一方、住民からは「場所によっては放射線量が高いところも多く、再び除染をしてもらえないと帰れない」とか、「汚染水問題など、福島第一原発で相次ぐトラブルが解決するまで帰還は無理だ」などと近い時期の解除に反対する意見が相次ぎました。
そして、話し合いの結果、来月1日に避難指示の解除はせず、来年春の解除を目指して住民側との話し合いを継続することになりました。
会合のあと田村市の冨塚市長は記者団に対し、今後の対応について「これから国側と協議しながら考えていきたい」と述べました。

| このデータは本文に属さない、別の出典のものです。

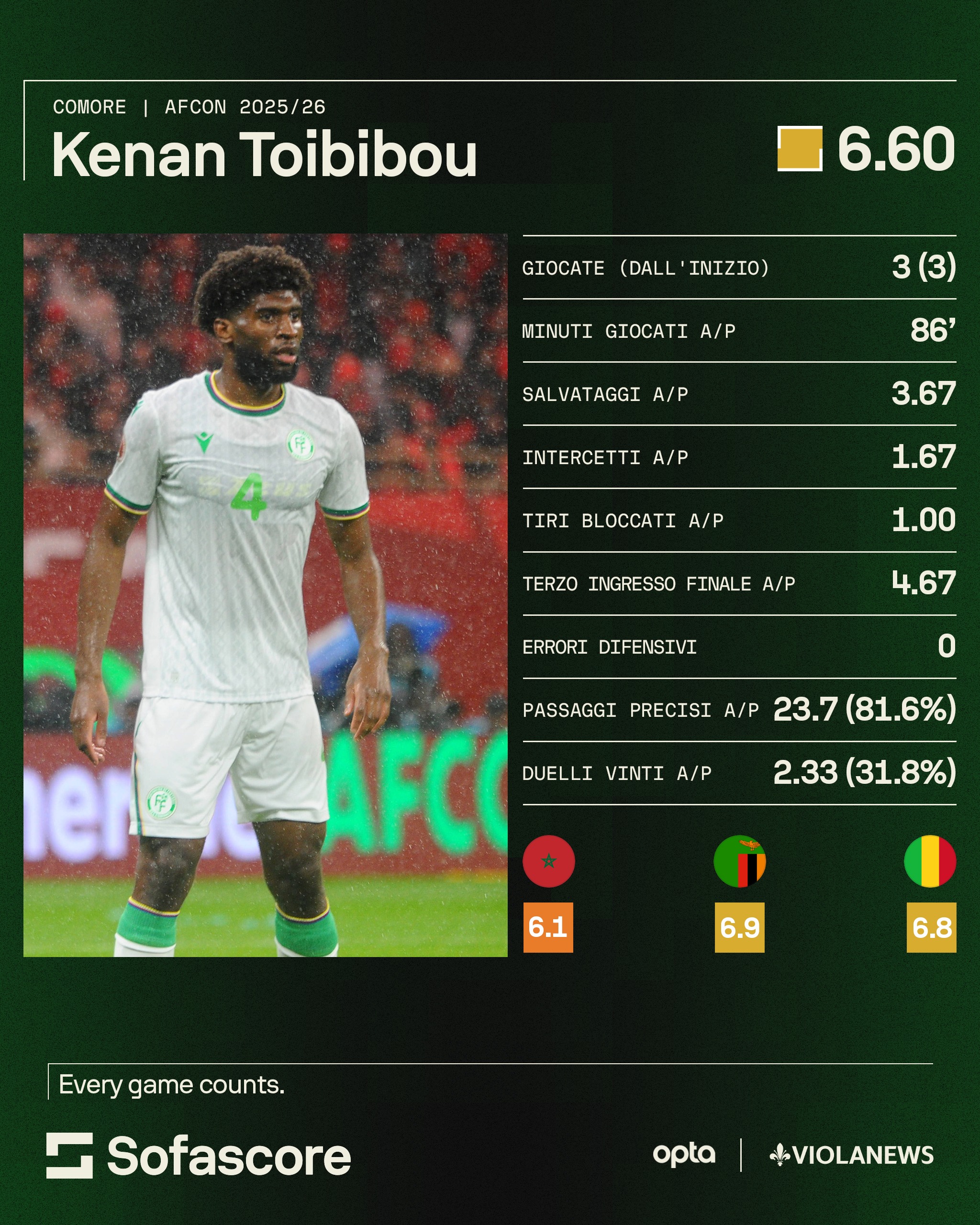 Qui potremmo sfruttare l'assist di Sportitalia e segnalarvi il camerunense Samuel Junior Kotto del Gent, in Belgio, ma ci spingiamo oltre e prendiamo il 2004 delle Isole Comore Kenan Toibibou: la Nazionale allenata dall'italiano Stefano Cusin ha fatto un figurone cedendo solo nella ripresa al Marocco e pareggiando le altre due partite per 0-0 contro Zambia e soprattutto Mali, una delle formazioni più attrezzate dopo le big. Toibibou, titolare fisso della sua rappresentativa a 21 anni, gioca in Slovenia, nell'NK Bravo, e come Diarra vale poche centinaia di migliaia di euro. Nella Fiorentina sarebbe un backup per Comuzzo, pronto a rendersi utile e a crescere ancora.
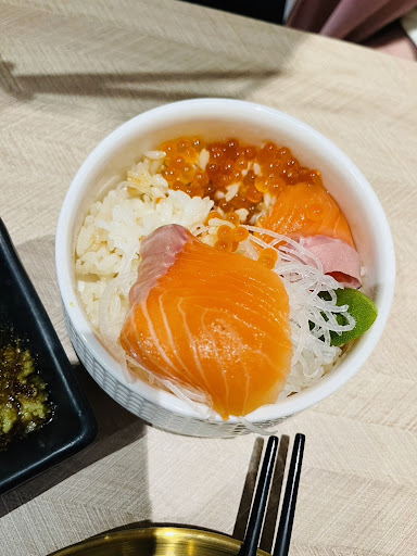 缺點: 等半小時,還先出餐給比我們慢到的熟客,真的是很謝謝,還跟熟客說我們都點烤的。 不是欸!我還有點生魚片、鮭魚丼飯、握壽司欸,有生的吧! 1400元居然吃不飽,350左右的鮭魚丼飯你給我全放尾巴… 忘了說,這個碗比我家貓碗還小🙁
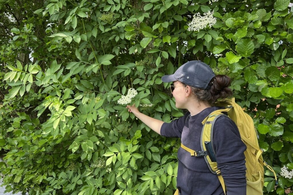 Après l’aubépine et le gaillet, Eliane Florent Giard conduit le groupe à proximité du sureau. «Il y a le sureau noir, qui produit des fruits noirs. Il y a le sureau rouge, qui fait des fruits rouges. Mais il y a aussi le sureau yèble, qui est toxique, et dont les fruits sont… noirs», énumère la guide. «Comment faire pour reconnaître le bon sureau ?», questionnent plusieurs participantes. «Le rouge et le noir sont des arbustes, alors que le yèble est une herbacée, il n’a pas de branches et ses fruits se présentent toujours vers le haut».

会合のあと赤羽経済産業副大臣は記者団に対し、「避難指示解除の最初の事例となるので、引き続き、柔軟に対応していきたい。住む人たちのリスクをどれだけ取り除けるかが今後のポイントになると思う」と述べました。
また、赤羽副大臣は、住民の理解を得たかどうかどのように判断するのかという質問に対し、「住民の理解が得られたかどうかは、最終的には市長の判断だ」と述べました。
※「ケイ」は「日」へんに「景」
住民の声は…
意見交換会に参加した住民の坪井久夫さんは「除染が終わってもまだ放射線量が高いところがあるので、再除染の方向性などを明確に示してもらいたかった。考え方は人それぞれ違うのでしかたありませんが、自分の家に帰りたい気持ちはみんな同じなので、国は住民の声を聞いて、みんなが納得ができるようにしてもらいたい」と話していました。

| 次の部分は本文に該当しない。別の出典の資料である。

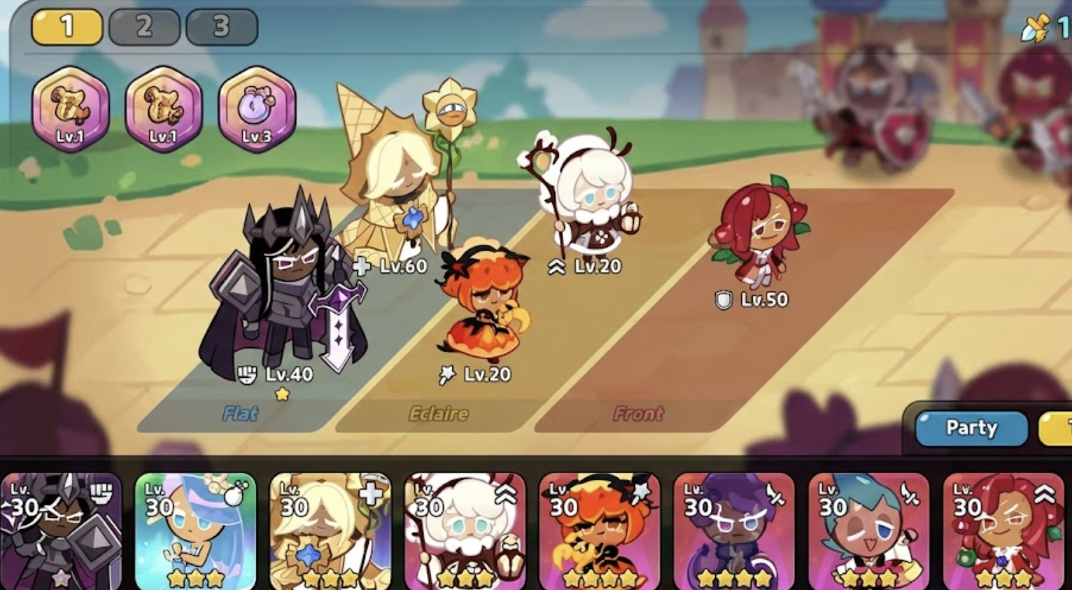 - 밸런스 있는 팀 구성 보통 방어형/돌격형, 딜러(마법/사격/침투), 서포터/회복형 쿠키를 적절히 섞어 밸런스 있는 팀을 구성하는 것이 일반적입니다.
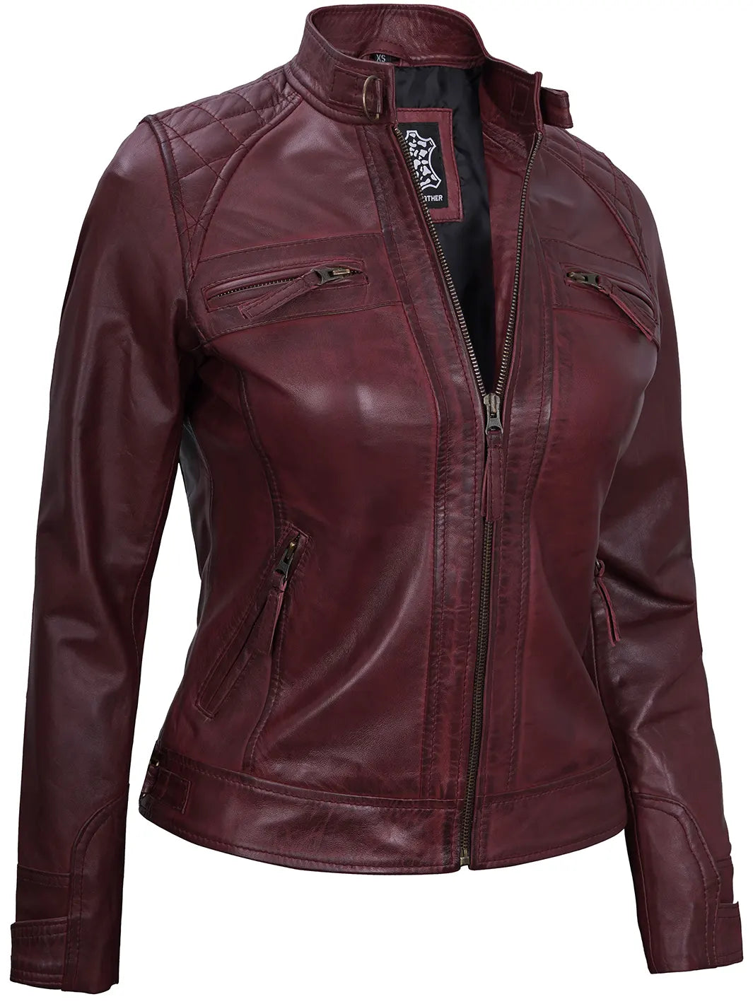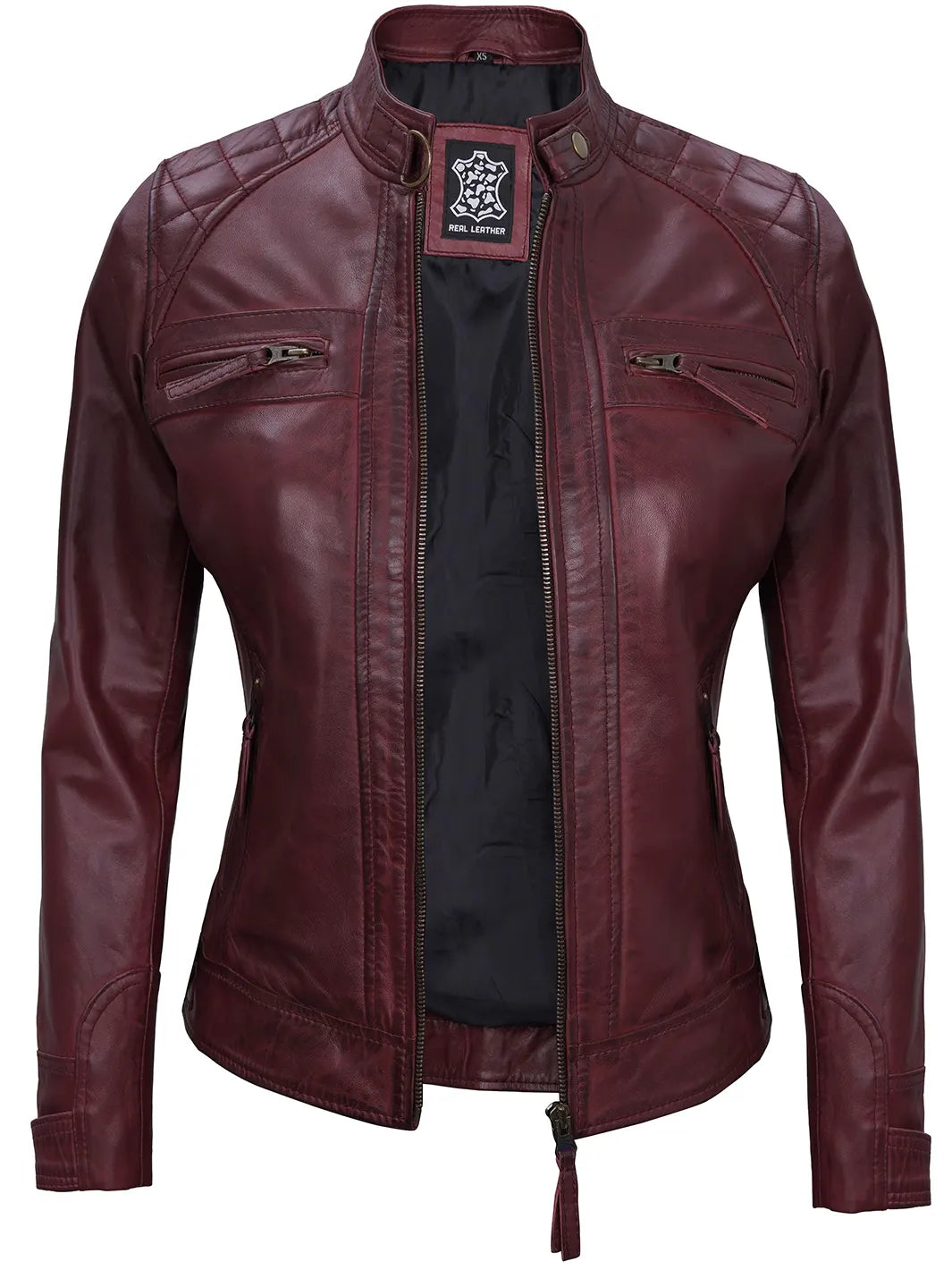 Be the first to review “Johnson Women’s Maroon Quilted Cafe Racer Leather Jacket” Cancel reply

また、1人暮らしの75歳の女性は「家の裏には山があって、今も放射線量が高いです。来年の春になっても帰れるとは思えないので、区域の解除には賛成できません。もう戻れないと思うので、災害住宅を整備してもらいたい」と話していました。
33歳の男性は「子どものことを優先して考えると、放射線量が高いところもありますし、きょうの説明だけではまだまだ帰れるとは言えません」と話していました。
また、77歳の女性は「避難指示はいずれは解除しないといけないことですが、市側も住民もそれぞれいろいろな考えがあると思うので、住民と市や国が話し合う機会をもっと持たないと話は進まない思います」と話していました。